El día de su liberación, Sigifredo López habló en una atiborrada Plaza de San Francisco durante una hora y 23 minutos. Al final de ese discurso feliz, dijo que la lectura de El ensayo sobre la ceguera, de Saramago, lo había ayudado a soportar los duros días del cautiverio.

A 5.000 kilómetros de distancia, Saramago escuchó las declaraciones de Sigifredo y se echó a llorar. Luego les dijo a los periodistas: Ese momento, esas palabras de un colombiano que no conozco, justifican mi existencia como hombre y mi trabajo como escritor. Gracias, Sigifredo.

“Poco después –cuenta Sigifredo– me hospedé en la casa de Saramago y Pilar del Río en Lanzarote, en un apartamento que hay sobre su biblioteca, una colección que está abierta al público y funciona, en la práctica, como la biblioteca municipal de Lanzarote.

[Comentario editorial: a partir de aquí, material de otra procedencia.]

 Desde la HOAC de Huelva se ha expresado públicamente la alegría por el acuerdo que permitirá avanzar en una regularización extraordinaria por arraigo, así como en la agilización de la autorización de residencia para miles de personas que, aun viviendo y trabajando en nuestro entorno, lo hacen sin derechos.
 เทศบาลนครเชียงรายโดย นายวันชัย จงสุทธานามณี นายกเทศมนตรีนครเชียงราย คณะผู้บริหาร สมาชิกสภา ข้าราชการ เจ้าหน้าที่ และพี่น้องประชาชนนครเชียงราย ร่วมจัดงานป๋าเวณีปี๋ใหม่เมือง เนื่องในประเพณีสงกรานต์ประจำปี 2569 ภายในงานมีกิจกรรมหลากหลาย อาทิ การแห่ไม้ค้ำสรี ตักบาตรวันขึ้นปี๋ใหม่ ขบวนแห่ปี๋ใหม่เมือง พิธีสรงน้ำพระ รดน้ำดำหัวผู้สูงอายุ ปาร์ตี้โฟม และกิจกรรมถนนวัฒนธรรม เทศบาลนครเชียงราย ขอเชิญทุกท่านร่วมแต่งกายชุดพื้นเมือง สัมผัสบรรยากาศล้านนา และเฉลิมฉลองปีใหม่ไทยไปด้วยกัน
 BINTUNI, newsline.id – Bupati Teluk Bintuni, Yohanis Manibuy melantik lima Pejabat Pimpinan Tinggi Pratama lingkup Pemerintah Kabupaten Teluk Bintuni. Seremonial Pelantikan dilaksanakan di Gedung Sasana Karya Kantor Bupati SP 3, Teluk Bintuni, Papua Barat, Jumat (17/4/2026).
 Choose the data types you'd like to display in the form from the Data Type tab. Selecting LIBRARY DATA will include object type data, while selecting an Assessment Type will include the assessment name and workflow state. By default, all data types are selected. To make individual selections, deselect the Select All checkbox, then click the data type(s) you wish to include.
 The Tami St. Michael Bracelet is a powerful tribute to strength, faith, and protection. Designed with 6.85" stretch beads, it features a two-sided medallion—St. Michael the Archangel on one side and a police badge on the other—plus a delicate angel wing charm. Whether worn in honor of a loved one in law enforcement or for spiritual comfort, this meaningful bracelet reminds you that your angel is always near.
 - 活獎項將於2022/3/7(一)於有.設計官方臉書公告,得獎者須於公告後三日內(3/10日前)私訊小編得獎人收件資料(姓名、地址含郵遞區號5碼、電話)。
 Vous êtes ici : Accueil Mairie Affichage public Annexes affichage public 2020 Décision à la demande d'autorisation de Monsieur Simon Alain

Un día, durante el almuerzo, Saramago se quedó mirando el tosco crucifijo de madera que cargo como recuerdo del cautiverio.

–¿Usted es creyente? –me preguntó.

–Sí –respondí–. ¿Y usted?

–No, soy ateo, creo en la astrofísica, una divinidad un tanto ebria y metafísica, pero diosa al fin.

–Alguien dijo, si Dios no existe todo está permitido. Para los ateos ¿todo está permitido?

–Para mí no –contestó de inmediato–. A nadie le está permitido todo. Las leyes y la conciencia nos imponen límites. Los derechos humanos son una hermosa religión laica. No matarás, no torturarás, no enturbiarás las aguas, no tiznarás el aire.

–Entonces, ¿por qué hay tanta injusticia y crueldad en el mundo?

–Porque hay sujetos muy enfermos, y muchos de ellos (el Diablo sabe cómo hace sus cosas) están en las más altas posiciones…

–¿Cuál es la cualidad humana que más admira?

–Dos: La inteligencia, una destreza de la mente, y la bondad, que es la inteligencia del corazón.

–Si tuviera que escoger entre ser inteligente o ser bondadoso, ¿qué elegiría?

Por primera vez, Saramago se tomó su tiempo para contestar.

–Creo que me quedo con la bondad. Podría vivir con una mente lenta, pero me molestaría sobre manera tener un corazón duro.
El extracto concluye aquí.